The morbidostat was built following the detailed instructions by Toprak et al., modified for N. gonorrhoeae according to Toprak et al. (2013), Verhoeven et al. (2019). The experiment was carried out exactly as previously reported in the context of a N. gonorrhoeae morbidostat experiment selecting for azithromycin resistance in our laboratory (Laumen et al., 2021). In brief, N. gonorrhoeae cultures were put under sustained Listerine^® (n = 6) and chlorhexidine pressure (n = 5), whereas two negative control cultures where exclusively exposed to gonococcal (GC) broth supplemented with 1% IsoVitaleX (BD BBLTM) and vancomycin, colistin, nystatin and trimethoprim selective supplement (VCNT), hereafter called GC medium. GC broth contained per liter, 15 g of proteose peptone 3 (Carl Roth, Karlsruhe), 1 g of soluble starch, 4 g of K₂HPO₄, 1 g of KH₂PO₄ and 5 g of NaCl supplemented with 1% IsoVitaleX (BBL). The initial concentrations used in these experiments were based on early in vitro experiments whereby the growth of N. gonorrhoeae was investigated after 60 min of exposure to ten-fold dilutions of the mouthwashes. The highest mouthwash concentration that resulted in a lawn of N. gonorrhoeae growth after inoculation, comparable to the control plate where no mouthwash was added, was used as a starting dilution of the mouthwash.

The initial chlorhexidine concentration used was 0.2 mg/L and was increased twice weekly until a concentration of 80 mg/L was attained in the morbidostat reservoir. The Listerine^® concentration was increased in steps from a 100-fold to two-fold dilution. The antiseptics were diluted in GC medium.
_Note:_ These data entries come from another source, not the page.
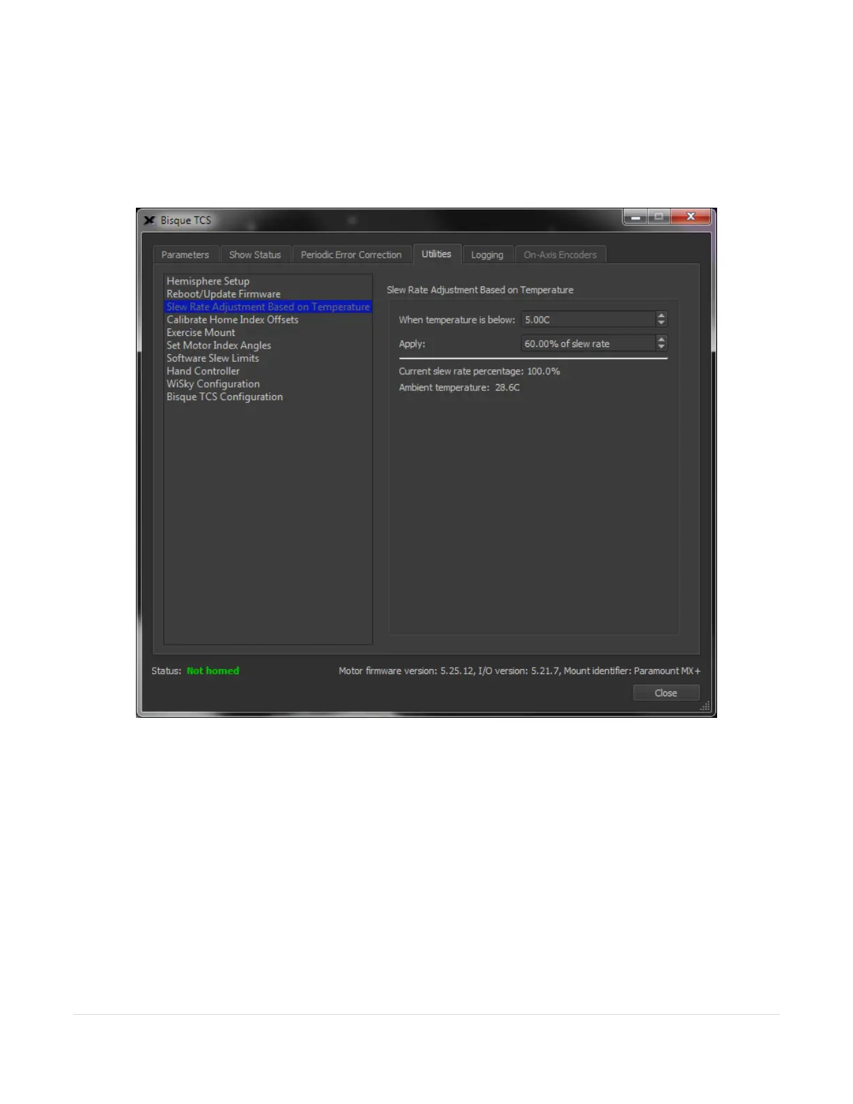 Figure 67: The Slew Rate Adjustment Based on Temperature settings on the Utilities tab.
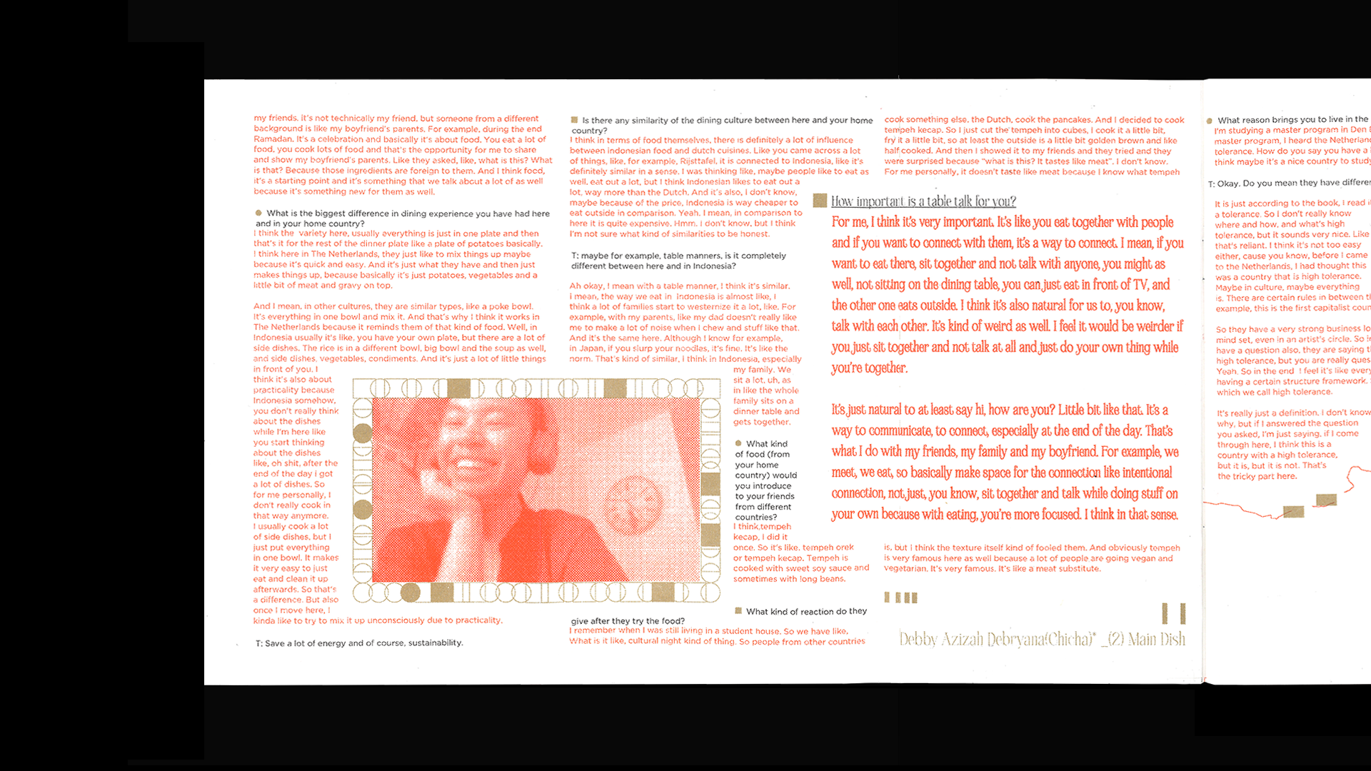 Round-Rectangle-Table talk is a zine about introducing Asian dining cultures in The Netherlands. It consists of 5 interviews of Asians living in The Netherlands. They share experiences about their struggles, problems, Asian food, and how they introduce their culture to foreigners around them through conversation on a dining table.
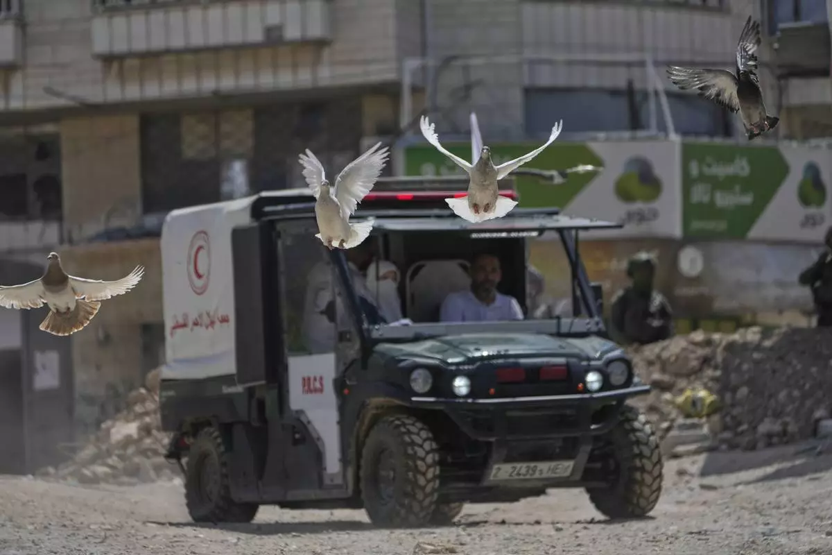 A Palestinian Red Crescent vehicle evacuates residents of the now evacuated refugee camp of Tulkarem who returned to collect belongings before the destruction of their homes as Israeli forces prepared to carry out the demolition of homes across the two refugee camps of the Israeli occupied West Bank city of Tulkarem, Thursday, May 29, 2025. (AP Photo/Nasser Nasser)
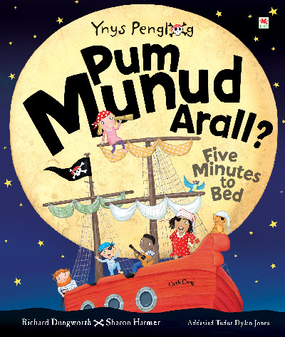 Addasiad gan Tudur Dylan Jones o Five Minutes to Bed. Llyfr stori-a-llun sy’n odli hyfryd am griw o fôr-ladron bach sydd byth, bron, yn barod i fynd i gysgu.Captain Cutlass is calling for his pirates to go to bed but they are all wide awake and desperate to stay up! This beautiful picture book has fun rhyming text and humorous illustrations that will delight all pirate fans. The perfect bedtime book for your very own noisy pirates. Ahar me hearties! Suitable for young children, early years.
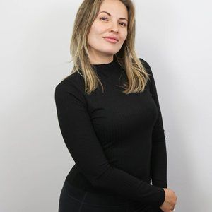 A truly simple yet stylish look! This trendy shirt features a knit fabric ribbed texture with a high neck and long sleeves. Match it with your favourite jeans or dress it up with our Keep Me Busy skirt.
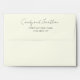 Ivory color mailing envelope for your wedding invitations and features your name and address printed on back flap in a modern script style. Personalize your envelope by editing and replacing name and address with your own. Edit further to change font style or color. Select your envelope size that fits your invitation.
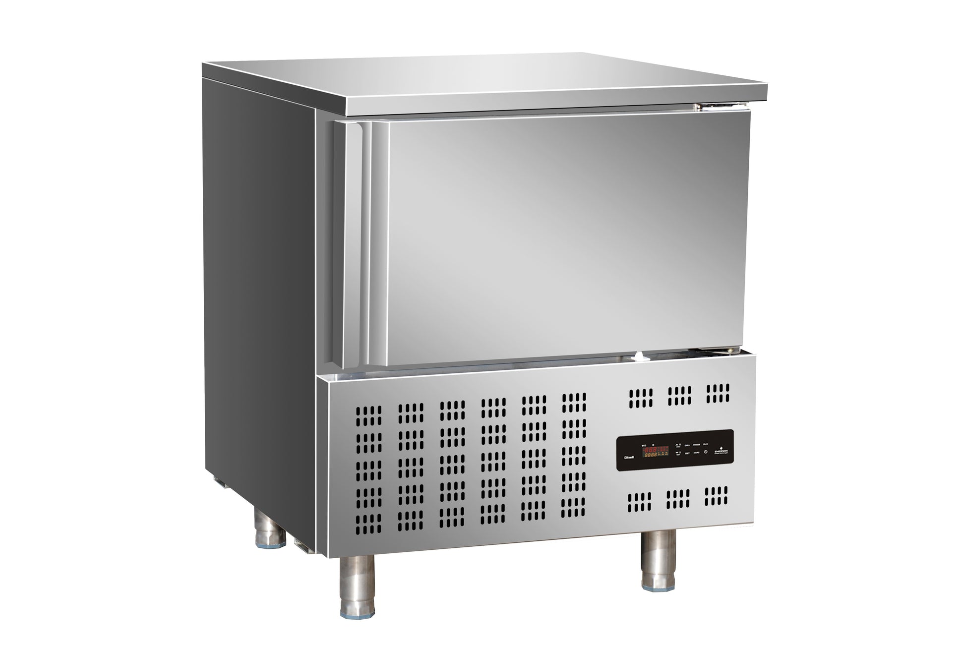 - Cette cellule de refroidissement et de congélation GN 1/1 à réfrigération ventilée avec construction tout inox AISI 304 18/10 et angles internes arrondis est dotée de 3 niveaux et a une capacité de refroidissement de 12 kg et une capacité de congélation de 8 kg. Elle est équipée d’origine d’une sonde à cœur, du dégivrage automatique, d'une porte équipée d’un cordon chauffant, d'une poignée ergonomique sur toute la hauteur, d'un groupe tropicalisé +38°C et un groupe avec condensation à air, d'une isolation de 70 mm avec un espacement entre les grilles de 70 mm, d'un thermostat électronique, d'un affichage digital, de 4 cycles programmables, d'une alarme sonore de fin de cycle, de pieds en inox réglables en hauteur et d'un passage automatique en mode conservation. Alimentation 230 V.

Sampling and Agar Dilution

Twice a week, culture suspensions were inoculated on blood agar plates and incubated for 24 h at 36.5°C and 5-7% CO₂. Cultures were checked for purity and transferred in 1 mL of skim milk supplemented with 20% glycerol and stored at –80°C. Once the morbidostat experiment was terminated, stored samples were cultured, a single colony was taken and used for MIC determination and whole genome sequencing.

Minimal inhibitory concentrations (MICs) were determined using agar dilution for Listerine^®, chlorhexidine, azithromycin, cefixime, ceftriaxone and ciprofloxacin according to the guidelines of CLSI (Wayne, 2020). Isolates with an increase in MIC for Listerine^® or chlorhexidine were subjected to WGS, as were an isolate from the previous, first and last sampling occasion of the same morbidostat culture.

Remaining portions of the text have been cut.